09/29/2025 | Press release | Distributed by Public on 09/29/2025 09:06
MADISON, WI - Join staff and community members in celebrating the 25th Anniversary of Alicia Ashman Library on Saturday, October 11 from 10am - 12pm with a variety of activities highlighting the unique history of the library and the many patrons who have visited over the years.
The event will include remarks from Library Director Tana Elias, as well as Margie Navarre-Saaf, who was the first Supervisor at Alicia Ashman Library and went on to become the Borrower Services Manager for all nine Madison Public Libraries.

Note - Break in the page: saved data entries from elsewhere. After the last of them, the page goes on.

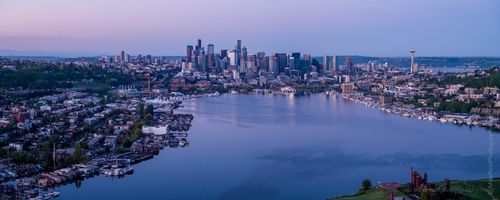 Over Seattle Lake Union and Panorama Reflection Sunrise Aerial Photography #seattle #dronephotography #dronevideo #aerial #aerialphotography #aerialvideo #northwest #washingtonstate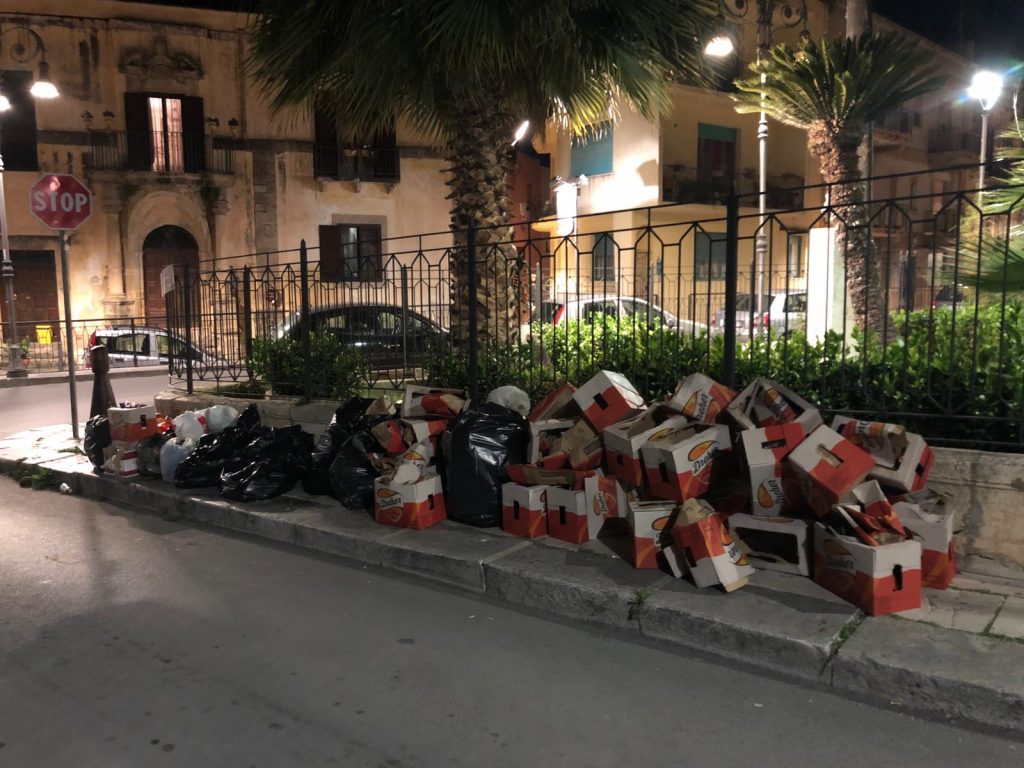 Ma dopo lo spettacolo gia’ indecoroso dei sacchi di oggi in mostra, c’e’ chi stasera ha deciso di imbruttire ancora un angolo di Sciacca abbandonando decine e decine di scatoloni di una nota birra.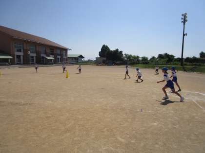 5年生 体育 キックベース公式戦 公開日 2024/06/14 更新日 2024/06/14 5年生 体育のキックベースでは、練習試合や話合いを経て、今日から公式戦を始めました。ボールを蹴る場所や守備の陣形が様々に工夫され、見応えのある試合でした。また、クロムブックを使ってスコア表をつけています。どの団も優勝を目指して頑張っています。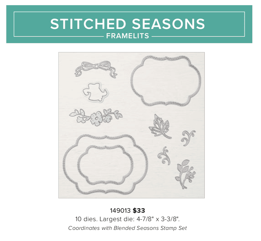 Stitched Season Framelits Dies, a coordinating stitched die that includes stitching on both the positive and negative images! #149013 @ $33. Has10 dies. Largest die: 4-7/8″ x 3-3/8″.
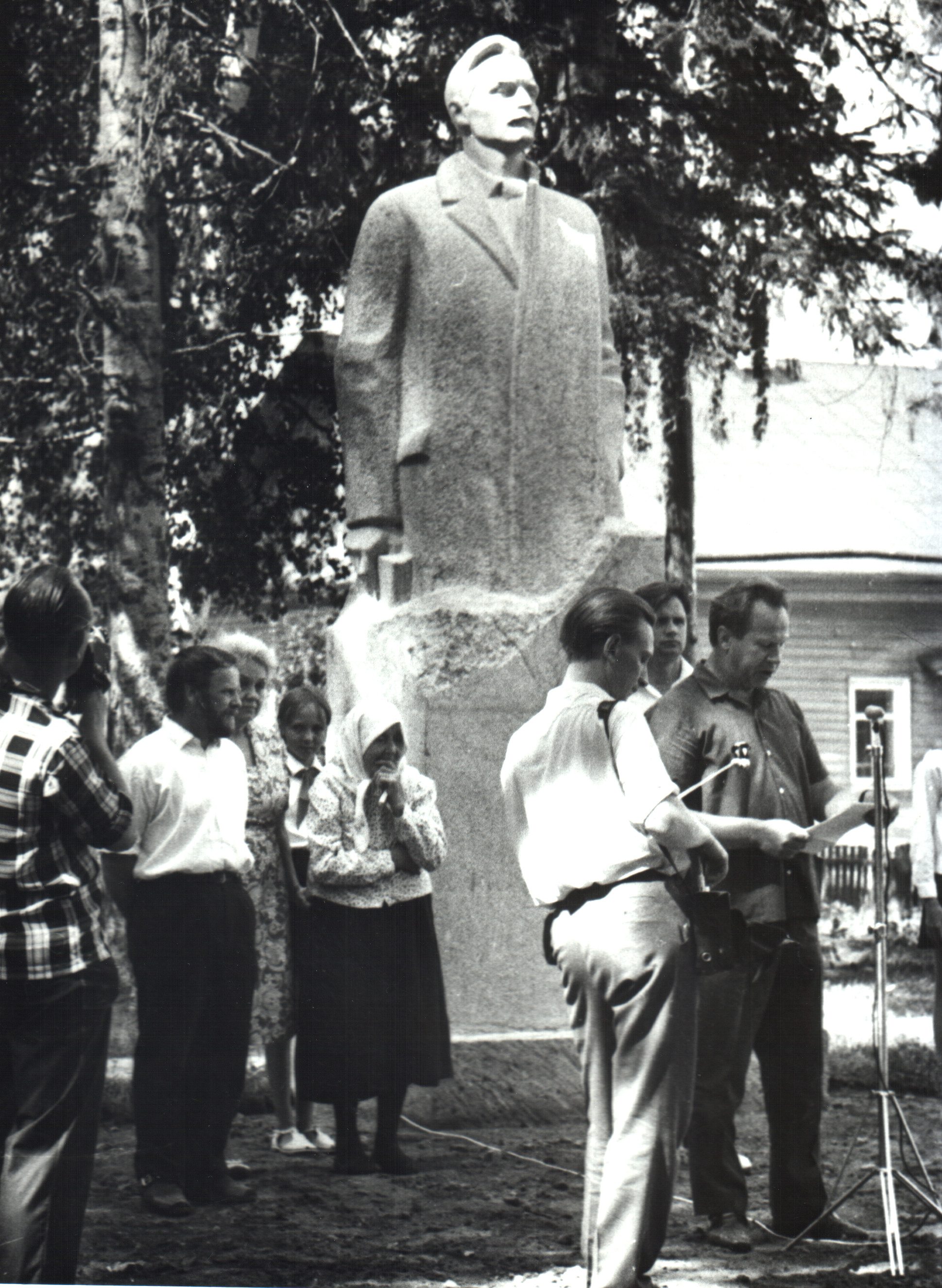 На открытии памятника А. Я. Яшину в городе Никольске. Слева стоят В. И. Белов, З. К. Яшина и Е. Г. Попова

"Alicia Ashman Library has always offered something special to visitors, and I'm looking forward to talking about all the changes I've seen from 2000 to today," said Navarre-Saaf. "The celebration is a wonderful opportunity to remember together the people, services, and experiences we've shared within the walls of Alicia Ashman Library and envision a bright future for library service on the west side of Madison, too."
Attendees can participate in all-ages activities, such as:
Unveiling the Alicia Ashman Library time capsule from 2000
Viewing a collection of notes, drawings, pictures and more that were left in returned materials or in the book drops over the years with a "Book Drop Memories Discovered" exhibit
Putting together a custom-made 25th Anniversary edition Alicia Ashman Library community puzzle
Making a Mini Cake Sculpture with Bubbler Artist-in-Residence National Velvet
Sharing their first library memory, what they love about the library, and their hopes for the library of the future by adding candles to a non-edible cake created by Bubbler Artist-in-Residence National Velvet
Alicia Ashman Library is the most recently completed new library to be added to the Madison Public Library system, opening in its current location on High Point Road on October 14, 2000.
"It was really a community effort to get the library built," said Susan Hamlin, who served on the Common Council from 1991-2001 and made it a priority to establish library service on Madison's far west side.
Alongside project Co-Chair Donna Gray and former Madison Public Library Board President Tripp Widder, Hamlin worked to secure a spot in a neighborhood shopping center. While commercial businesses didn't want the corner lot, the large space was perfect for a new library.
As part of its $1.5 million fundraising effort, the Madison Public Library Foundation worked with Madison entrepreneurs Terrance and Judith Paul to name the library in honor of Alicia Ashman, a longtime Library Board and former Common Council member, who passed away in 2016.
On October 14, 2000, Ashman and Hamlin cut the grand opening ribbon together. According to Hamlin, Alicia Ashman Library's opening represented one example of libraries becoming not only places for literacy, but for community and connection.
"Madison was built on a neighborhood concept," Hamlin said, "and libraries contribute to that neighborhood concept."